Dominique,
I have tried with Ctrl+/, and with kill -3 and with a jmx deadlock
monitor class that looks for deadlocked threads every 500ms..... but it
doesn't find any....... which makes me think that its not a
deadlock..... JProfiler also has a deadlock detector (which might be
more reliable than my code :) ) and so far it hasn't found any ... so
perhapse its not a deadlock.... not certain what else it could be there
is no cpu activity.
Im going to go back to basics, instrument the code and produce some big
log files. (Just hoping that doesnt generate a work around!)
Ian
Dominique Pfister wrote:
Hi Ian,
have you been able to generate a thread dump of the stalled node, at
the moment it doesn't appear to respond any more? That might help...
Kind regards
Dominique
On 5/15/07, Ian Boston <[EMAIL PROTECTED]> wrote:
Hi,
I've been doing some testing of a 2 node jackrabbit cluster using 1.3
(with the JCR-915 patch), but I am getting some strange behavior.
I use OSX Finder to mount a DAV service from each node and then upload
lots of files to each dav mount at the same time. All goes Ok for the
first few 1000 files, and then one of the nodes stops responding to that
session. The other node continues and finishes.
Eventually OSX disconnects the stalled node.
When I try the port of the apparently stalled cluster node, its still
responds, however with some strange behaviour.
A remount attempt responds with a 401 and forces basic login, but stalls
after that point. (the URL is to the base of a workspace)
If I open firefox and access the dav servlet via firefox, I can navigate
down the directory tree, but if I try and refresh any jcr folder or jcr
file that I have already visited (since the cluster node has been up),
FF spins forever.
I have put a Deadlock detector class into both nodes (java class that
looks for deadlock through jmx) but it doesnt detect anything.
I have also use JProfiler connected to one node but it never detects a
deadlock.
I have tried all of this in single node mode, with no Journal or
ClusterNode and not been able to re-create the problem (yet).

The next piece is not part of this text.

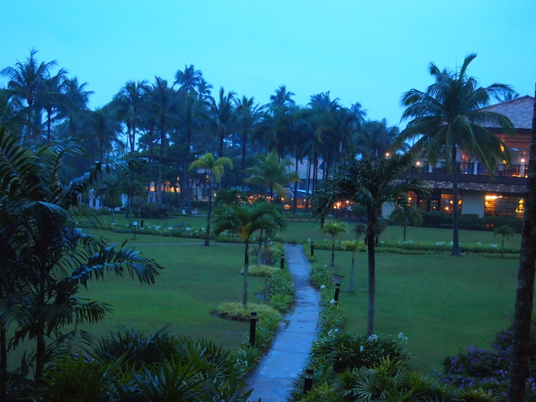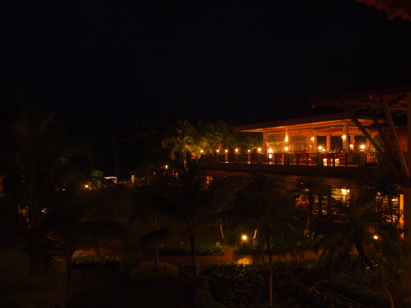 夜になりました。日本では9月というと秋ですが、赤道にとても近いここでは常夏。夜でも真夏の格好で十分です。夜は抑え気味の灯りなので、とてもロマンティックに見えます。

The one thing that I have seen in JProfiler is threads blocked waiting
for an ItemState? monitor inside jackrabbit, but never for more that
500ms.
I am using the standard DatabaseJournal and the
SimpleDbPersistanceManager, however I see the same happening with the
FileJournal.
Any ideas ? I might put some very simple debug in near that monitor that
was blocking for 500ms ?
I did search JIRA but couldnt find anything that was a close match.
Ian